# Single-NIC Mode

Wirebump is designed for two or more network interfaces. Single-NIC mode is a workaround for machines with only one NIC—bootstrap creates a dummy interface to handle internal routing. Useful for testing or demos before committing dedicated hardware. The web UI runs on `http://localhost` or `http://10.0.0.1` (HTTPS is also available on port 443).

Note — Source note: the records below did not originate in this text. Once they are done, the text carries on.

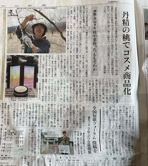桃畑での取り組みや、そこから生まれた「ももそわか」を、写真とともに丁寧に取り上げていただいています。
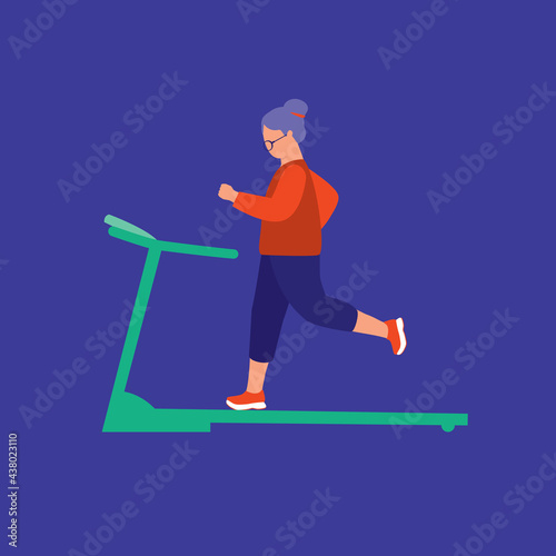 senior, elderly, treadmill, exercising, physical exercise, running, fitness, woman, old, jogging, active, lifestyle, healthy, leisure, well-being, wellness, vitality, machine, female, adult, 1, person, people, vector, illustration, cartoon, character, isolated
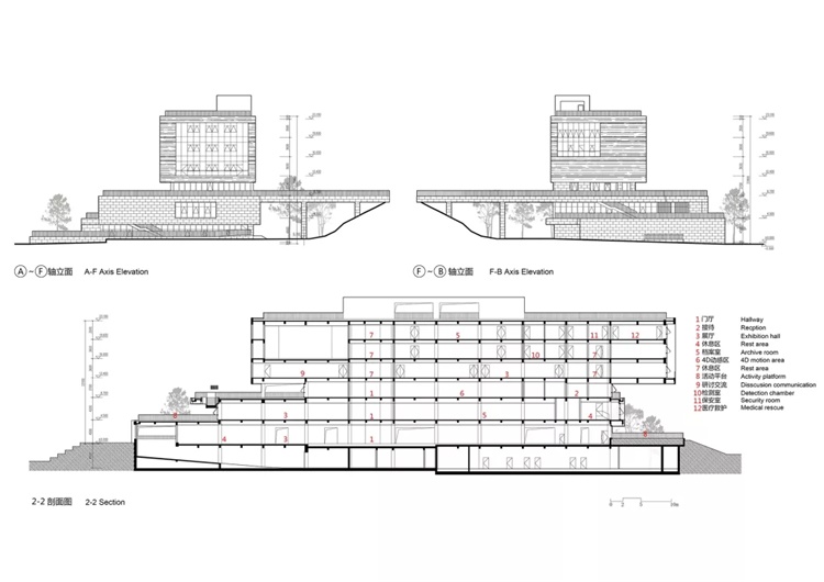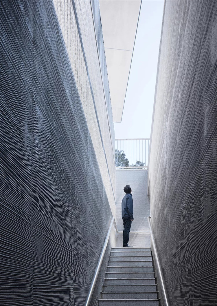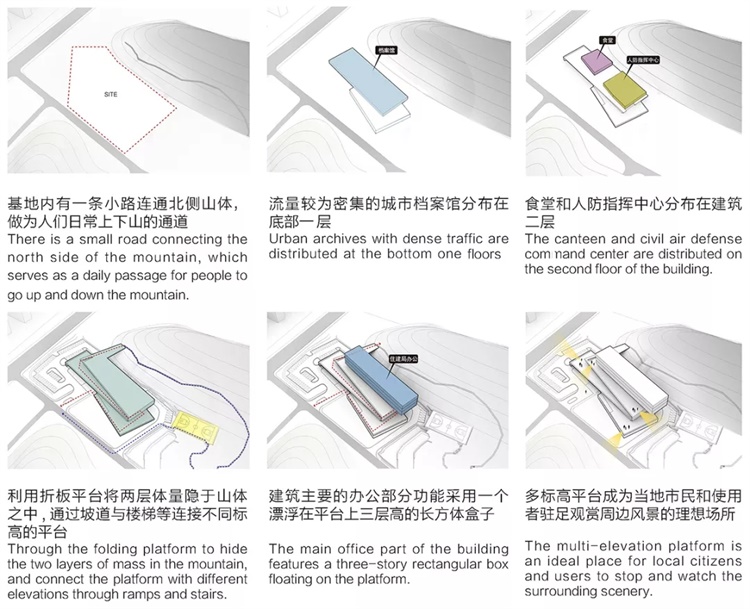 基地内有一条小路连通北侧山体做为人们日常上下山的通道,设计为了充分尊重现状场地和诸多外围的景观资源,提出了不同标高平台的解决方案。即将人流量较为密集的城市档案馆分布在底部一层,通过坡道与楼梯等连接不同标高的平台,犹如北侧山体等高线的延续,使下部建筑与山体自然融为一体。这不仅恢复了原有上下山通道,同时多标高平台又成为当地市民和使用者驻足观赏周边风景的理想场所。
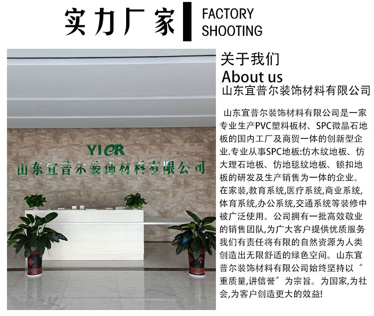 集研發(fā),生產(chǎn)及銷售于一體,公司專業(yè)生產(chǎn)SPC 全系列地板、墻板
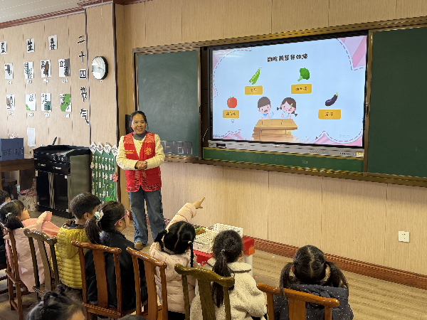 课堂上,色彩鲜艳的图片、水灵饱满的新鲜蔬果摆满了小课桌,长黑斑的香蕉、发芽的土豆、变质的四季豆等化身“反面教材”。大屏幕上,新鲜苹果与腐烂苹果的鲜明对比,瞬间吸引了孩子们的注意力。“烂苹果有细菌,吃了会肚子疼!”孩子们争先恐后地发言。工作人员用通俗的语言,结合发芽土豆、发霉面包等实例,耐心讲解辨别方法,引导孩子们树立健康饮食观念。

## When to Use Single-NIC Mode

**Testing before committing hardware.** Boot a Live USB, run the installer, and explore the full topology builder. See exactly how circuits deploy, how hot-swapping works, and how the dashboard behaves. No dedicated box required.

**Privacy research.** Spin up complex multi-provider topologies quickly. Test nested configurations, measure latency across hops, verify leak prevention. Tear down and rebuild without touching production infrastructure.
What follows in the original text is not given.